Aladdin, Cina, dan Orientalisme
10Berita – Menyusul ditayangkannya pembuatan ulang film animasi keluaran Disney pada 1992 lalu, “Aladdin”, lagu tema tersebut menggema lagi di bioskop-bioskop seantero dunia termasuk Indonesia. Ia mulai dinyanyikan remaja-remaja dan anak-anak yang menyaksikan kisah klasik tersebut.
Seperti film animasinya, yang terkini juga tak lepas dari stereotip orientalis tentang masa lalu Arab dan Islam. Padang pasir, bangsawan-bangsawan, dan makhluk-makhluk khayali. Dalam ranah hiburan, ia barangkali wajar saja, tapi menengok sejarah, ada implikasi lain di sini.
Begini, para penulis di Disney membayangkan Agrabah sebagai locus delicti cerita tersebut. Ia kota yang dibayangkan seperti Baghdad pada masa keemasannya. Persoalannya, dalam kisah asli Aladdin yang diterjemahkan pada abad ke-18, bukan demikian kasusnya.
Kisah Aladdin sedianya tak masuk dalam versi asli “Kisah 1001 Malam”. Ia ditambahkan oleh penerjemah Prancis Antoine Galland pada terjemahan yang terbit pada 1721. Kisah itu, diklaim Galland, ia dengar dari seorang pendongeng asal Aleppo bernama Hanna Dyab.

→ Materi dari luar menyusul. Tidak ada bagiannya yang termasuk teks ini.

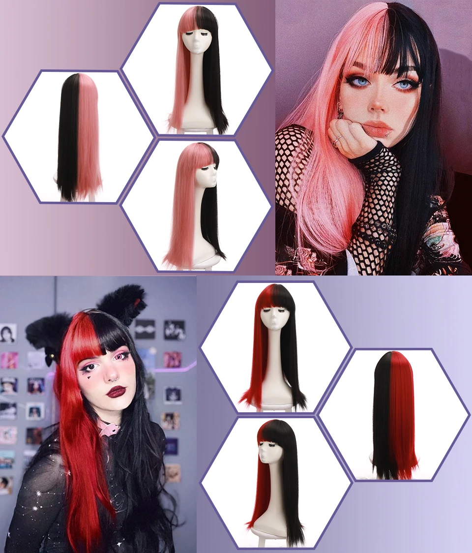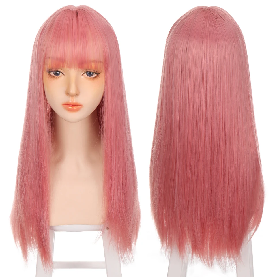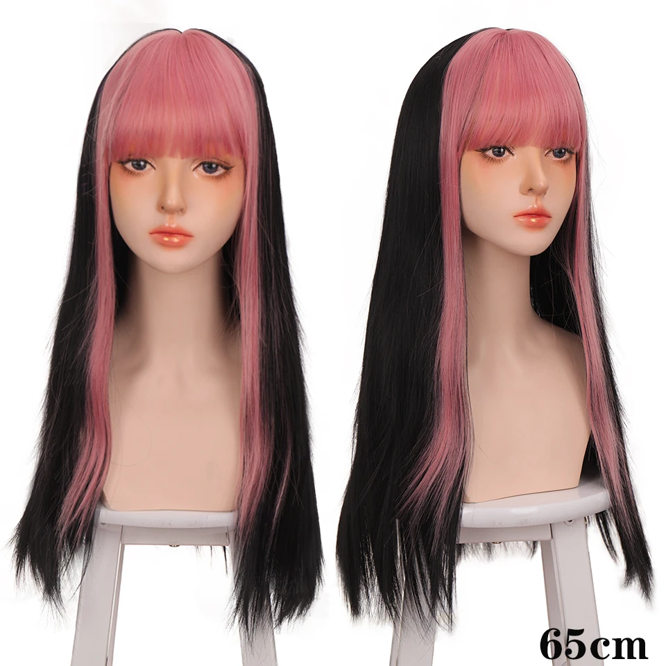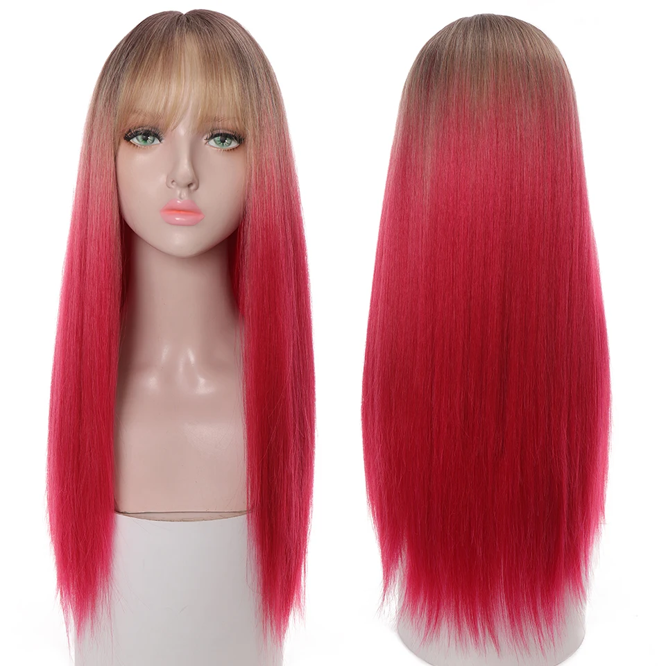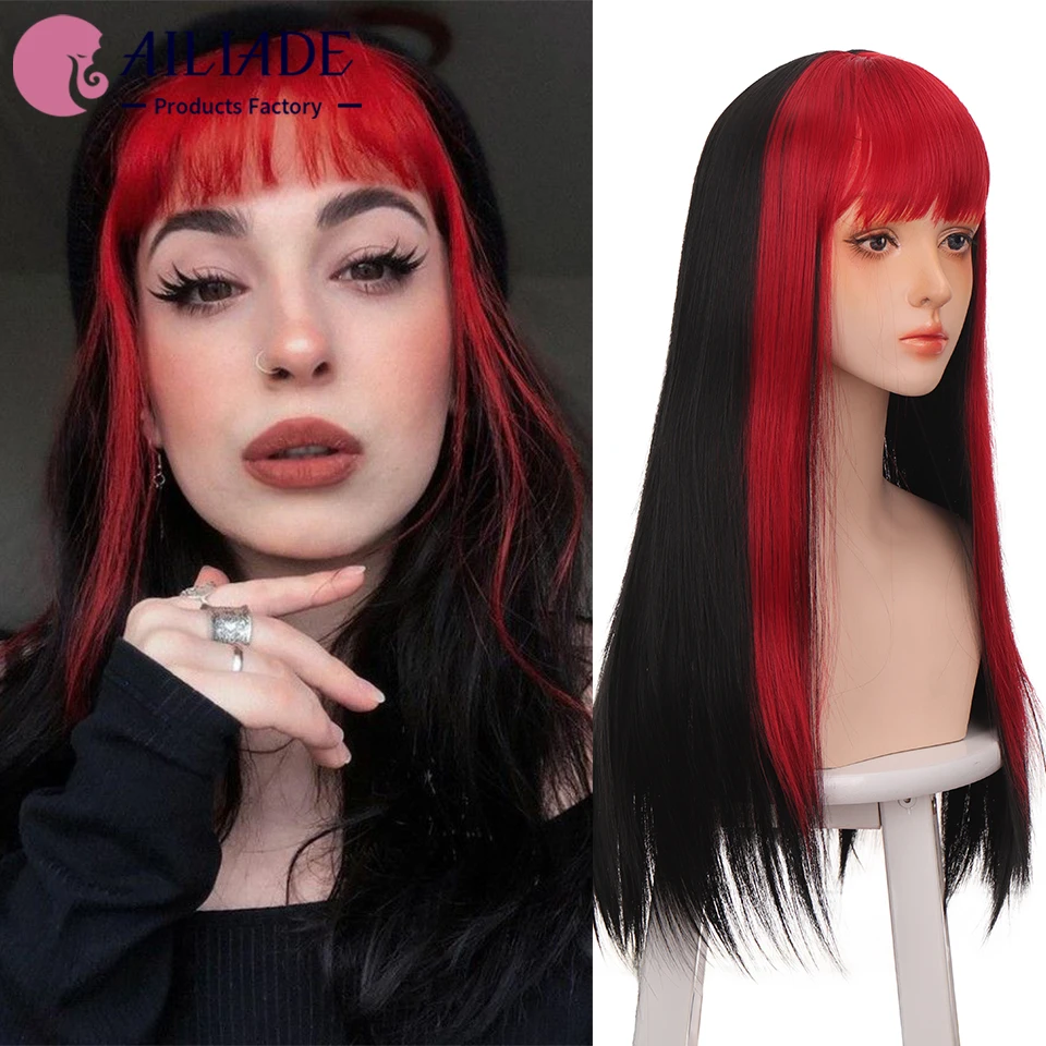 Синтетические длинные прямые парики AILIADE с красно-розовой челкой, парики для косплея для женщин, черно-пепельный золотой парик для вечевечерние Лолиты, искусственные волосы

Aleppo sendirinya adalah sebuah kosmopolitan sebelum kolonialisme memporak porandakan Timur Tengah. Sejarawan Eugene Rogans dalam bukunya “The Arabs: A History” (2015), mengenang bahwa Aleppo yang sekarang hancur lebur oleh perang itu adalah perlintasan segala bangsa. Sedemikian terkenal sampai-sampai sastrawan Inggris abad ke-17, Shakespeare, menyertakan kota itu dalam dua karyanya, Othello dan Macbeth.